University of Southern California
Over 65% of renal reabsorption is performed by specialized cell-populations in the proximal nephron that control homeostatic regulation of water, glucose, salts, and amino acids. Recently, kidney organoids have been grown in vitro from stem cells, but proximal tubule cells form poorly and fail to mature in these models. A major contributing factor to this bottleneck is that we do not understand the developmental programs generating proximal tubule cells in vivo and how these deviate in organoid development. The consequence is that there has been little success replicating proximal tubule cells in vitro.

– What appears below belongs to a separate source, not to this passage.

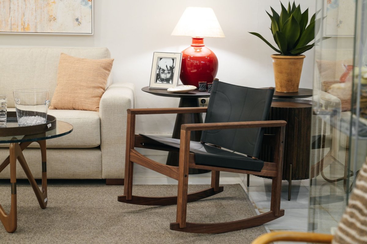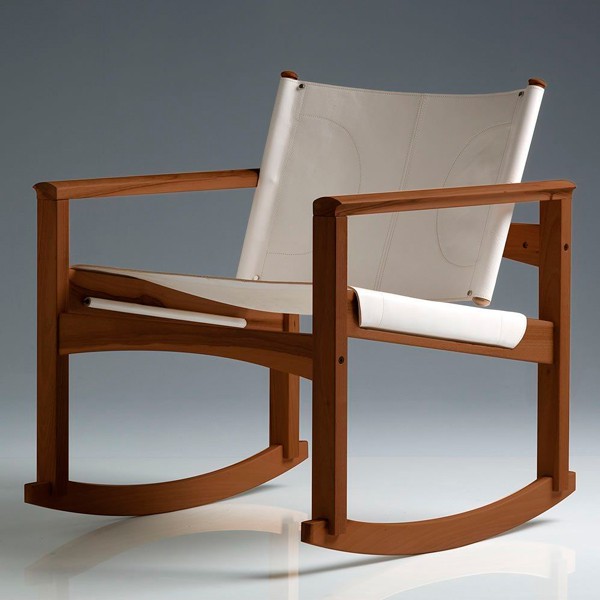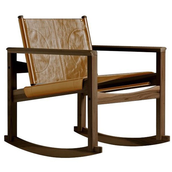 Mecedora con estructura en madera maciza en roble o nogal. Tejido en piel en diferentes colores.

Given their clinical importance there is a critical need to generate high-fidelity models for proximal tubule cells. Our objective in this proposal is to identify developmental lesions in organoids and benchmark mechanisms driving proximal tubule development. Our central hypothesis is that proximal tubules form via a transient PI3K- signaling event prefiguring activation of Notch and downstream HNF1B-mediated transcriptional regulation of HNF4A; a master-regulator for functional maturation of nephron cells. In organoids, this cascade of developmental regulators is perturbed, and proximal-distal cell fates form abnormally, as is evident by co- expression of normally segregated genes. Our hypotheses are based on extensive single cell omic sequencing data and in vivo secondary validation, and preliminary data using a new synchronized nephron-forming organoid system where we tune proximal patterning. Insights from these data lead us to pursue the following aim:
Aim: Delineate origins of proximal misprogramming in the kidney organoid. Based on preliminary data, our working hypothesis is that proximal tubule cells form abnormally in kidney organoids due to absent signaling cues. We will use our organoid system to determine how proximal-cell fates are generated in controls and in our proximal-biased protocol and compare these against in vivo nephron cell profiles. This will identify genes, cis- regulatory regions, and signaling pathways that are abnormally controlled in vitro and require tuning in organoids to generate functioning nephron cells.
Our proposed work is expected to: (1) identify mechanisms driving proximal tubule development, (2) determine developmental lesions in organoids that perturb normal differentiation, (3) benchmark a protocol tuning iPSC- derived kidney organoids to proximal lineages; a critical steppingstone to generate functional cells for replacement therapies and disease modeling.